I think that everyone has always assumed that Lae was a sleepy little backwater airport, maybe one or two planes a day.
I can't speak for everyone but I've been aware that Lae was active in supporting the gold mining industry. Note that the
Chater Report is addresses to M.E.Griffin at Placer Management Limited. Placer was (and is) a mining company.
Several months ago I brought up the question of why Earhart didn't takeoff from Rabaul which was almost 400 miles closer to Howland. Ric did not know that there was an airport at Rabaul (there were actually three) in 1937 and expressed the opinion that there was no reason to believe that Earhart knew about them. There were many flights every day between Rabaul and Lae so it is impossible that Earhart did not know about Rabaul. It would be like being at the Cincinnati airport and not knowing that there was an airport in Chicago.
I didn't know there was an airport in Rabaul and you haven't shown that Earhart knew either. Yes, once she got to Lae she undoubtedly found out but by then it was too late to change her departure point for Howland even if she wanted to.
So, I agree with you, the TWO puffs of dust were created by the TWO main wheels hitting the road crossing the runway. Ric's explanation that it was just one puff broken into two by prop wash reminds me of the old story about the new guy on his first day working at the airport. An old timer sends him off with a bucket to get some "prop wash" and he is run all around the airport by the other old timers in search of the mysterious prop wash.
We can disagree about about what the photos show but, as I've said before, it ultimately doesn't matter whether there is one puff of dust caused by the dragging antenna mast snagging in the dirt or two puffs of dust caused by the wheels. The simple fact is that the belly antenna is there when the airplane taxis out and it's gone when it comes back by on the takeoff run. All of the discussion about how that happened is speculation. Fun to puzzle over but we'll never know for sure.

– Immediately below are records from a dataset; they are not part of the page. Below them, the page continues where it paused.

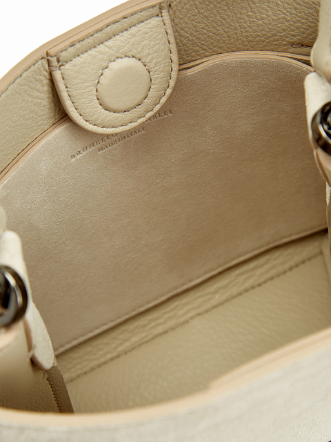 Элегантная сумка классического прямоугольного силуэта от Brunello Cucinelli создана мастерами бренда вручную. Мягкость изысканной замши интерпретирует модель формата мини в современном ключе. Лаконичные геометрические формы мерцают благодаря двум вставкам из цепочек Мониль, позволяющим регулировать ширину аксессуара. Вставки украшают боковые стороны сумки изящным сверкающим эффектом. Съемный регулируемый плечевой ремень завершает аксессуар универсальной деталью. Сделано в Италии.
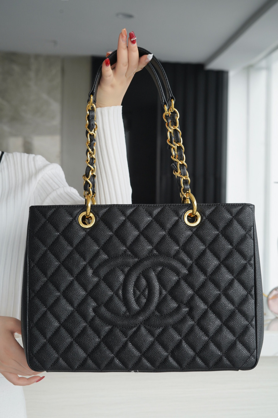 • 샤넬 GST 그랜드 샤핑 토트백 캐비어 금장
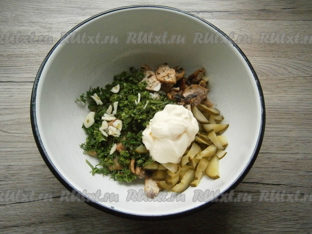 Сюда же добавить майонез, очищенный и нарезанный мелко чеснок.
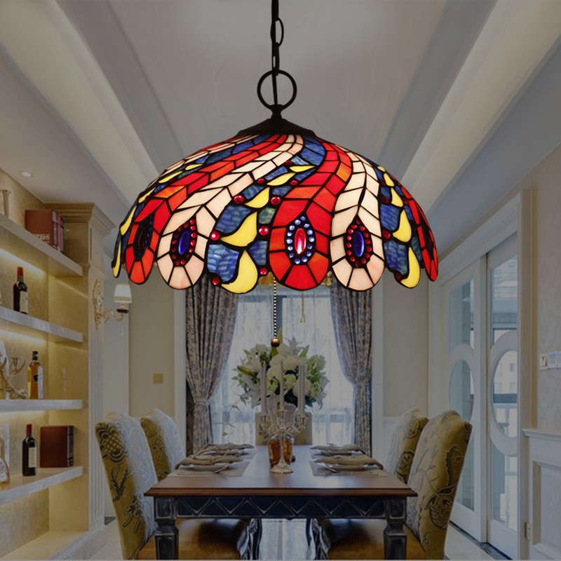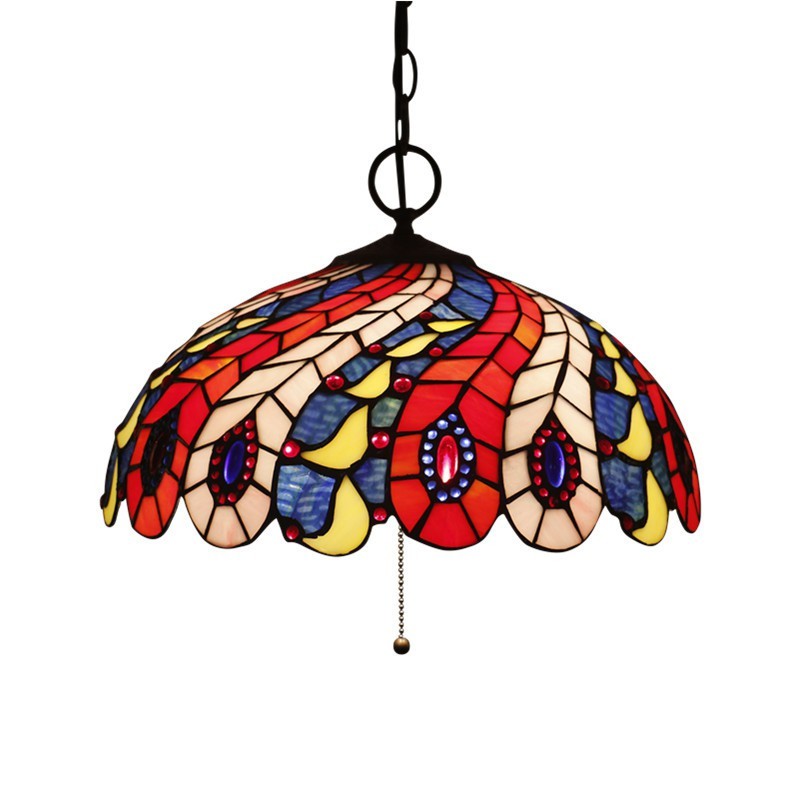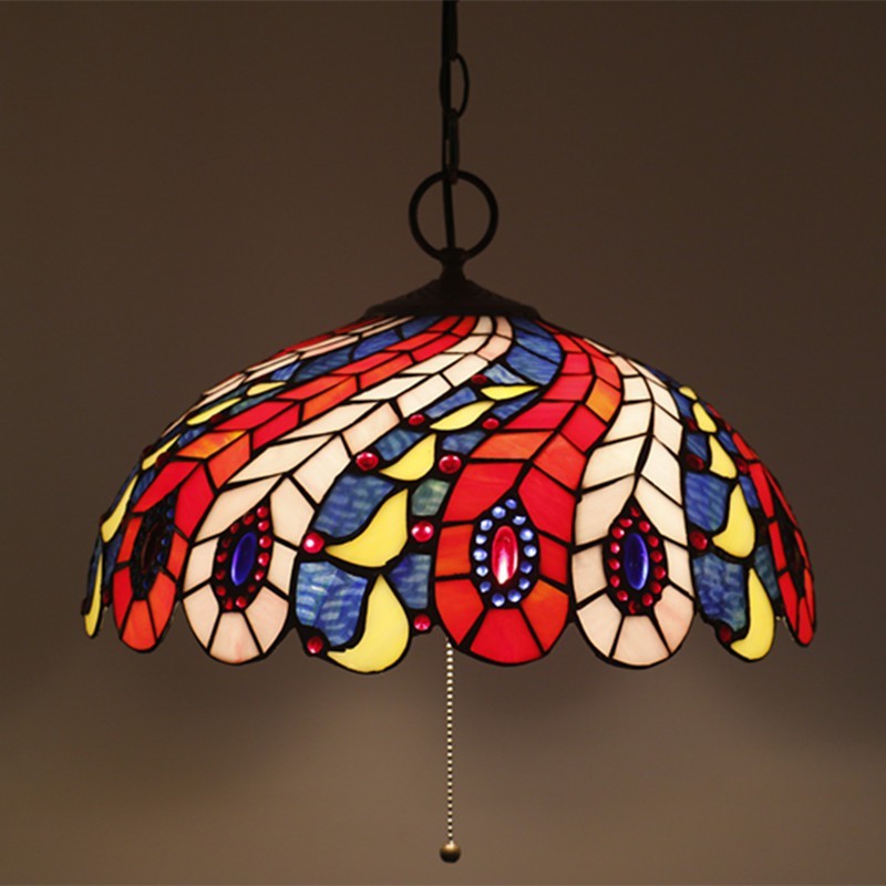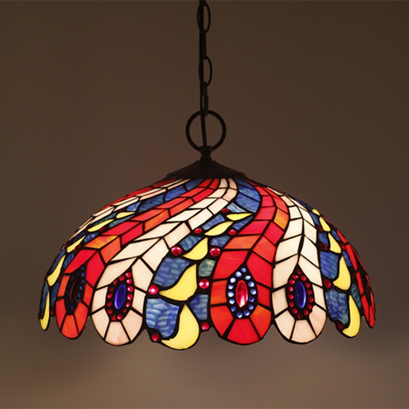 40 cm Európske závesné svietidlo Tiffany z farebného skla
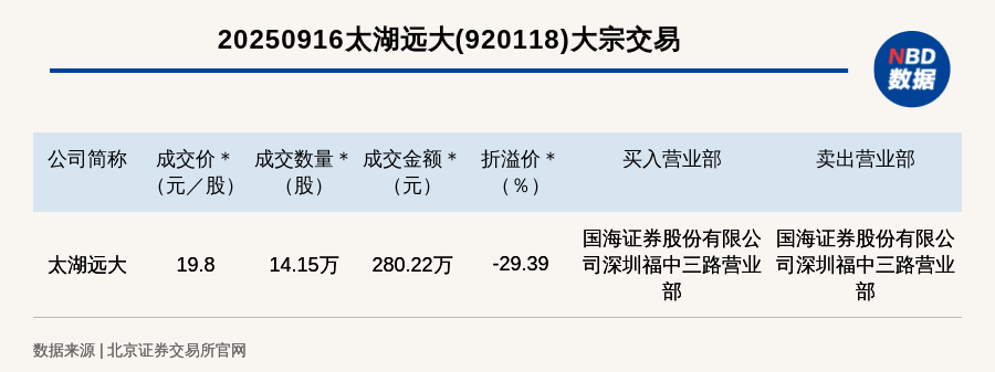 大宗交易详情 - 成交价格20.2元/股,较当日收盘价28.53元折价29.2% [1] - 成交量9.3万股,成交总额187.86万元 [1] - 买方为东方财富证券拉萨团结路第一证券营业部,卖方为招商证券湖州苕溪西路证券营业部 [1] 公司基本信息 - 公司为北交所上市公司太湖远大,证券代码920118 [1] - 2025年9月9日发生大宗交易,当日收盘价为28.53元 [1]
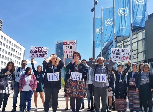 #UNFCCC Sec wont allow any action that calls out corporations #ConflictOfInterest in #sb46. We think it's ridiculous! #NoToCorporateCapture pic.twitter.com/VCrMa2MlQL
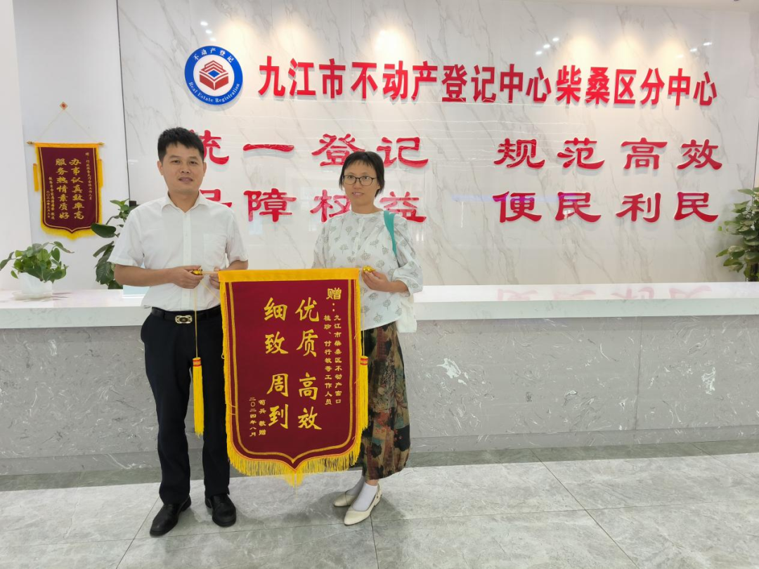近日,柴桑区不动产登记分中心收到办事群众送来的一面锦旗,高度赞扬桂珍、付行敏等工作人员在办理不动产登记中提供的“优质、高效、细致、周到”的登记服务。
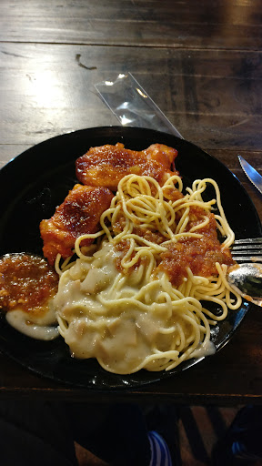 Read moreAhem. So, that would be 4 stars for the price. It's less for the food tho' which is very much in line with the price (not the price-related rating). I guess nobody expects gourmet here and rightly so. It's defo possible to eat what's in the 140 THB all you can eat buffet, nothing wrong with it, but the spaghetti sauce could handle a bit more love (and spices, and less sugar), the sausage would honor any given 7-11, salad bar looks decent - the four big buckets of dressing somehow would also be suitable in an army canteen... Nevertheless the place seems to be a hit with the local youth, the setting in the retro styled garden is reasonably cute, as no frills budget option this is probably...
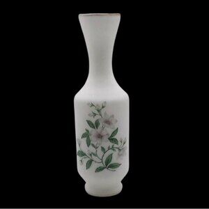 Vintage White Satin Glass Vase With Floral Design & Gold Trim
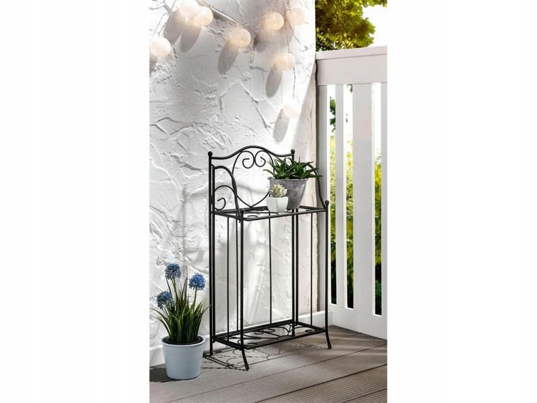 Фантастическая цветочная стенда идеально подходит для террасы, балкона или для гостиных. Полка, устойчивая к ультрафиолетовому излучению и погодным условиям с ногами, защищающими пол, устойчивый к коррозии. Крелковая полость имеет внешние размеры 34,5 х 18,5 х 65 см. Каждая полка имеет размеры 31 х 16 см.
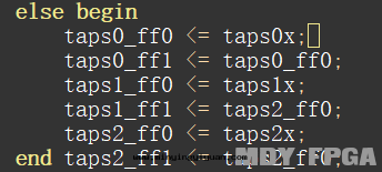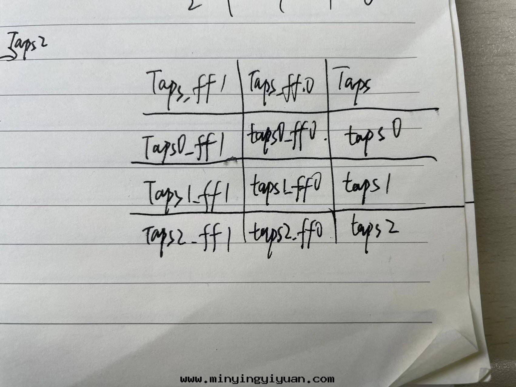 答(dá):沒(méi)有(yǒu) ff0就(jiù)是(shì)表(biǎo)示 延时(shí)一(yī)拍的(de)意(yì)思(sī),taps0_ff是(shì)taps0前(qián)一(yī)时(shí)刻的(de)值,需要(yào)得到(dào)这(zhè)種(zhǒng)結果(guǒ),就(jiù)是(shì)通(tòng)过(guò)时(shí)序邏輯打(dǎ)一(yī)拍,資料提(tí)供的(de)有(yǒu)直(zhí)播課講解(jiě),建議結合仿真(zhēn)波(bō)形去(qù)看(kàn),测試文(wén)件(jiàn)有(yǒu)提(tí)供
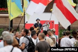 «Сёньня беларусы маюць магчымасьць адзначыць ва ўкраінскай сталіцы, на сымбалічным месцы, сваё сьвята, якое Лукашэнка незаконна скасаваў, але беларуская апазыцыя адзначала яго, нягледзячы на рэпрэсіі», — сказала сустаршыня Руху салідарнасьці «Разам» Алена Талстая.
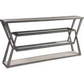 Steel base with tapered legs in a ribbed silver leaf finish with a White Vein travertine top and an inset beveled tempered glass shelf.
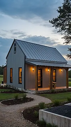 Picture yourself chilling on that cute porch as the sun goes down. Those warm lights look super inviting, like the house is giving you a friendly hug. This little barndominium feels like the ultimate cozy hideaway, maybe somewhere you could actually hear yourself think, or just listen to crickets chirping. It shows that even a small space with a barn twist can feel super welcoming and ready for some serious relaxing, maybe with a cup of hot chocolate or a good book.
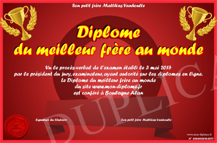 Envoyez par email votre Diplôme du meilleur frère au monde personalisé
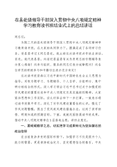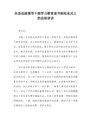在县处级领导干部深入贯彻中央八项规定精神学习教育读书班结业式上的总结讲话同志们:为期三天的县处级领导干部深入贯彻中央八项规定精神学习教育读书班,在大家的共同努力下,圆满完成了各项学习任务。受县委书记X同志委托,我主持这次读书班并作结业讲话。首先,我代表县委,向省纪委监委有关负责同志的专题辅导表示衷心感谢!向参与组织、服务的同志们表示诚挚慰问!向各位学员的积极参与和辛勤付出表示充分肯定!这次读书班坚持以习近平新时代中国特色社会主义思想为指导,采取专题学习、专题辅导、个人自学、分组研讨、集中研讨相结合的形式,深入学习领会习近平总书记关于加强党的作风建设的重要论述和中央八项规定及其实施细则精神。大家...
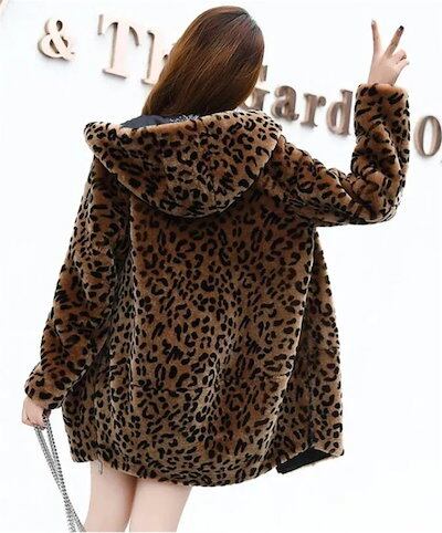 韓国ファッション レディースアウター もこもこアウター 可愛いアウター 中長セクション ヒョウコート フェイクファー ウインドブレーカー
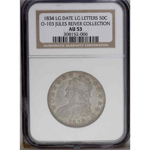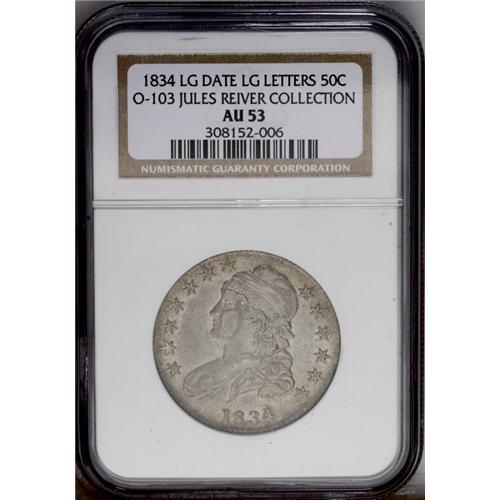 1834 50C Large Date, Large Letters AU53 NGC. O-103, R. 1834[50C] Large Date, Large Letters AU53 NGC.
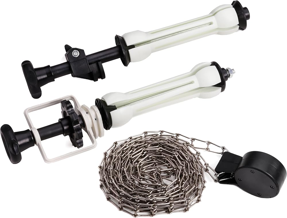 The Impact VPD-DSMC2 Varidrive Set makes it easy to raise and lower seamless background paper rolls. The set includes expandable Varidrive cores that grip the paper roll's inner tube and allow you to change your backgrounds with a simple pull of the chain. For ease of operating multiple backgrounds, Varidrive sets come with a selection of red, gray, black, and silver chains to quickly identify the appropriate background. Built with features like a large-tooth gear wheel and flat metal chain, the Varidrive set is easy to install and can be used with paper rolls up to 12 feet wide and weighing up to 42 pounds. The Varidrive set can be suspended from a variety of accessory hooks. Use Impact VariPoles and Triple Background Hooks with Super Clamps to suspend backgrounds in areas with extremely tall ceilings. You can also use the Varidrive set with Impact's Cross Pole to expand compatibility with uncored paper rolls and fabric backgrounds.
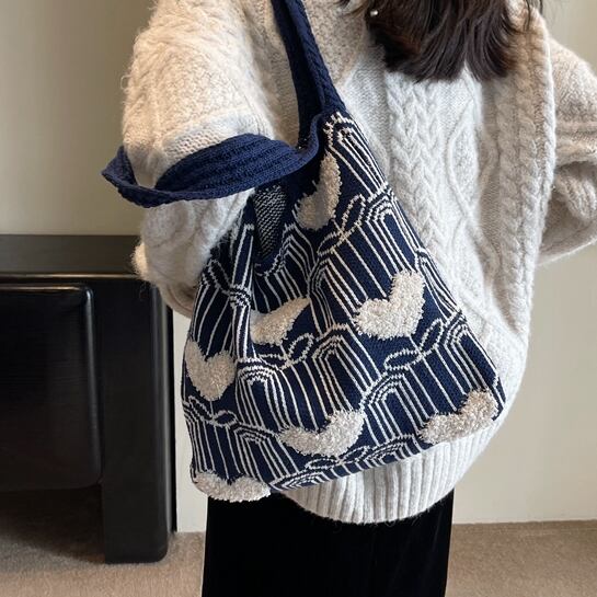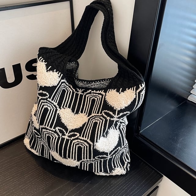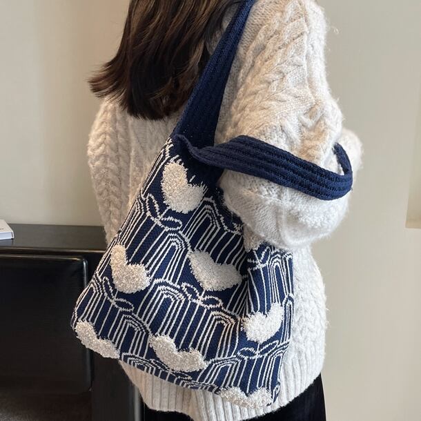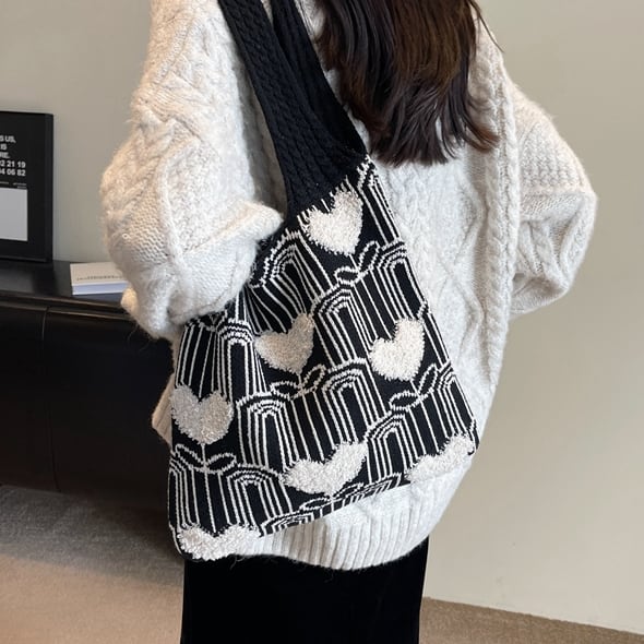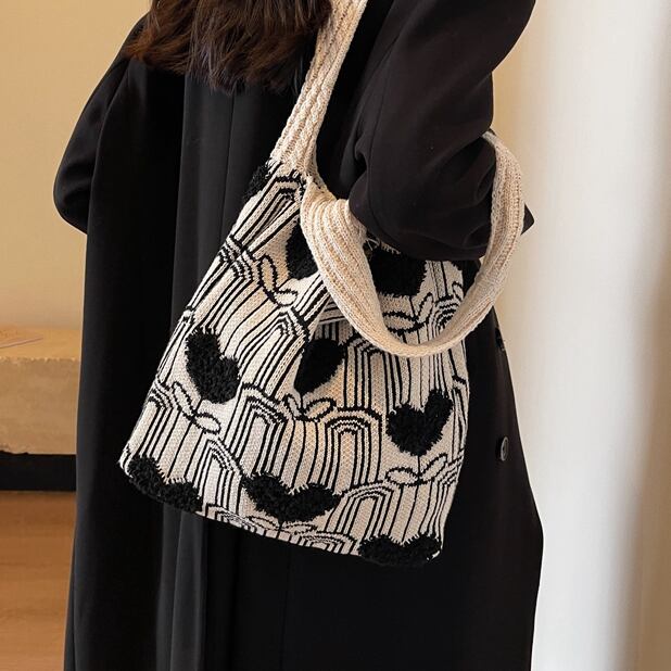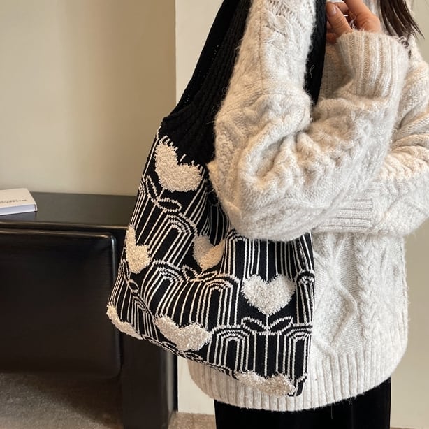 モノトーンで描かれたハート柄が、甘さと大人っぽさの絶妙なバランスを生み出すニットバッグ。「可愛いけど子供っぽくない」を実現した、大人の女性のためのハートデザインです。

It is highly unlikely that at an airport that handled that much traffic that somebody would not have detected and removed every obstruction from the runway and from the taxiway that was large enough and strong enough to break the belly antenna of Earhart's plane.
Who said anything about "obstructions?" It was a heavily-used dirt/turf runway. In my experience, heavily-used unpaved runways tend to get beat up. The aircraft was heavier than it had ever been. You can see in the film that when the plane taxied out, the aft antenna mast barely cleared the ground. It's not hard for me to believe that it could have been knocked off by striking the ground, especially if Earhart taxied into the over-run at the end of the runway to turn around so as have as much runway as possible. And it's not hard for me to believe that the mast being dragged along the ground by the still-attached wire might, at some point, snag in the dirt (maybe where the road went across the runway) and tear the antenna loose. But again, it's all speculation.
Because of this, it is an unlikely event that the belly antenna mast was broken off while taxiing and impossible after the tail was up. Then, in Ric's scenario, the dragging antenna gets snagged a second time, on a different obstruction, another unlikely event for the same reasons already mentioned. Two unlikely events in series results in a very unlikely event.
I would argue that the first event (the ground strike of the aft antenna mast) was not an unlikely event due to its proximity to the ground, the weight of the aircraft, and the nature of the field. Once that happens and the mast if being dragged along the ground, the second event (the mast catching on something) is almost inevitable.
And then there is the question (assuming for the sake of argument that Ric is right) of just where the antenna would fail if it did get snagged. There is no reason to believe that the antenna wire was more likely to fail at the forward end than at the back end where it was connected to the rear antenna mast. In fact, it is more likely that the wire would fail where it was connected to the rear mast resulting in the rear mast being torn off but leaving the antenna wire still connected to the forward mast. This is due to the stress risers created by twisting or tieing off the wire at the rear mast and these stress risers lead to a weakness and a failure at that point.
I have no idea what you're talking about. All I'm suggesting is that the aft mast struck the ground during taxi resulting in the broken-off mast being dragged along the ground by the wire antenna. When the mast ultimately snags on something the wire pulls free.
Then there is also the likelihood that the belly antenna was not used for HF radio reception in the first place. Since a tuned transmitting antenna is the most effective antenna for reception it is most likely that the receiver utilized the transmitting antenna on the top of the plane.
By that logic, Earhart and Noonan surely were adept at sending and receiving Morse code since code was the standard method of radio communication at that time.